Avec tout son esprit, son brillant, ses discours étalés, il ne savoit quoi que ce soit au monde, n’eut jamais ni gravité ni maintien, se vêtit et vécut toujours comme à dix-huit ans, et les propos souvent de même ; il n’avoit d’homogène avec les Italiens chez qui on l’envoyoit, au milieu du feu de la constitution, que la foi et les mœurs. Aussi ne songeât-il jamais sérieusement à y aller, mais à toucher gros pour ses équipages, dont il ne fit que lentement un seul carrosse, et à se faire payer ses appointements, comme s’il eût été à Rome. Ce manège dura plusieurs années, au bout desquelles il ne fut plus question d’ambassade, dont il se seroit sûrement aussi bien acquitté qu’il avoit fait du siège de Turin.

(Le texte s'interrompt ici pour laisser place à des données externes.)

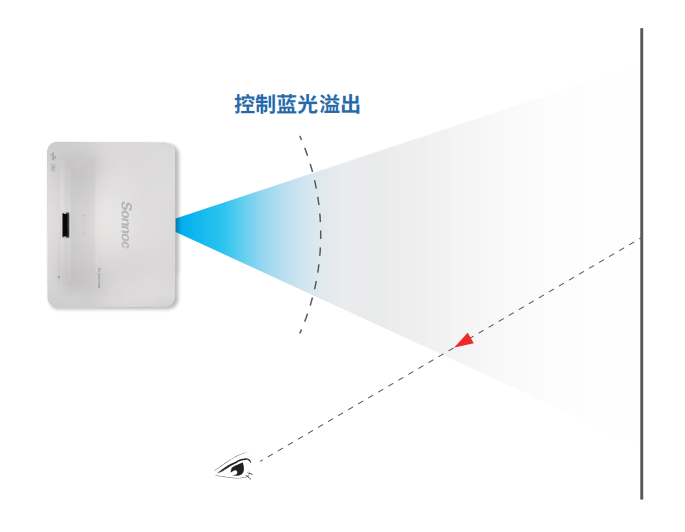 同時(shí)具有專業(yè)“顯示設(shè)備顯示性能和視覺健康”認(rèn)證的投影機(jī),可以有效控制溢出藍(lán)光危害部分(波段:420nm~460nm)。

Le nouveau duc de Valentinois pressoit pour se faire recevoir au parlement, et les pairs, à cette occasion, pressoient aussi pour faire finir les usurpations dont ils se plaignoient. M. le Duc prétendit que le duc du Maine et le comte de Toulouse ne devoient plus traverser le parquet. Tout cela fit surseoir la réception du duc de Valentinois, et une nouvelle aigreur entre M. le Duc et le duc du Maine.